Since LLMs can directly read and understand specifications, and through the Model Context Protocol (MCP), Cursor or Claude Code can directly operate browsers and mobile emulators to assist development. This means we can use Gherkin to describe the expected behavior, and the LLM can verify through MCP whether its development results pass acceptance testing.

Gherkin syntax serves as an excellent bridge. It's a standard syntax that both humans and LLMs can understand, so we can use this specification to confirm implementation details before development, and after development is complete, let the LLM read this specification and use MCP to operate browsers and mobile devices for acceptance testing. For a detailed demonstration, please watch the YouTube video below.
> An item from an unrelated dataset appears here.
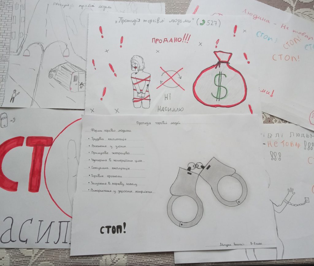 18 жовтня в Європа відзначає День протидії торгівлі людьми. Звичайно ми не могли оминути цю важливу тему, яка дуже гостро відчувається зараз, коли мільйони українців вимушено покинули свої домівки через повномасштабне вторгнення рф. Сьогодні восьмикласники Суховільського ліцею обговорювали як не стати жертвою злочинців, розпізнати небезпеку та як поводитись, коли ти мимоволі стаєш свідком протиправних дій. Урок вийшов жвавим і пізнавальним. На пам’ять учні намалювали постери та записали телефони, куди першочергово звертатись у разі небезпеки.
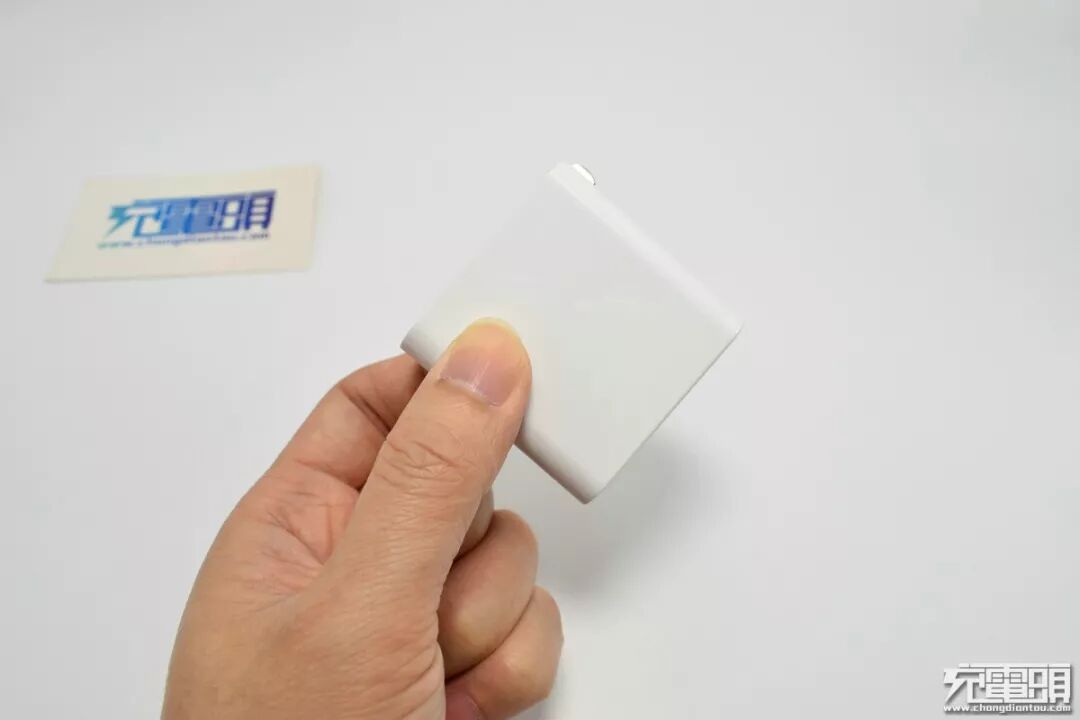 产品体积小巧,长边圆弧,两端面平整,其实与青米3USB口充电器完全一致。整体类似正方,长宽约50mm,厚度约28mm。

This not only serves as a communication tool with LLMs, but when it discovers that acceptance conditions aren't met, it can also observe and modify the implementation.

If you're interested, you can try it yourself on GitHub: yurenju/llm-bdd-coding-demo

BDD + TDD

BDD can reduce the problem of unexpected results through clearer specifications and acceptance criteria, but it cannot solve the cognitive overload problem for developers. Combining it with incremental TDD can alleviate this issue.

When using BDD, development specifications and acceptance criteria can be well defined, but another situation frequently encountered in LLM development is that the LLM writes too fast. When the amount of content generated at once exceeds my cognitive capacity, I can't resist the temptation to directly press confirm, but sometimes not looking carefully results in content that's not what I wanted.

To solve this cognitive load, I've recently been testing BDD + TDD. The BDD part uses Gherkin as acceptance criteria as described earlier. But I ask the LLM to break down components, and when developing each component, follow this sequence:

First write the interface, empty classes, or empty functions, and throw an unimplemented error like throw new Error('not implemented yet')
Ask it to write only test descriptions, meaning the automated test's describe('description') and it('description'), and let me review them without implementing any test logic
At this stage, I'll know roughly what level of testing it intends to write, and I can communicate directly about the granularity of tests. Usually, I significantly reduce the test items because generally, it writes too detailed
After confirming the test items, ask it to write the test logic
Run the tests. At this point, all newly added tests should fail (red phase)
Ask it to start implementing, and run tests after implementation. Theoretically, all the tests we wrote should pass (green phase)

Under this development flow, the output of each stage stays within my cognitive capacity, and I can properly review its output. Then, after having a clear understanding of "what is correct," like the BDD flow, it can perform well with clear completion conditions.

If you're interested in this type of development flow, you can refer to my previous work yurenju/cursor-tdd-rules. If you need to use it with Claude Code, some modifications will be required.

However, please remember that these are still evolving collaborative development methods. Tools and usage techniques are updating very quickly, and they may soon become outdated.

The main purpose of using this development method is to reduce my own cognitive burden, allowing projects to remain under my control while using LLMs as much as possible to accomplish my goals. At the same time, by defining boundaries and goals, I can better communicate with the LLM about what my objectives actually are.

Through this process, I also feel that I become clearer about what I want from the early stages of development. The key to working with LLMs is similar to working with humans: more frequent communication and requirement confirmation.

So perhaps it's not that different from working with humans after all - it's about strengthening your communication skills.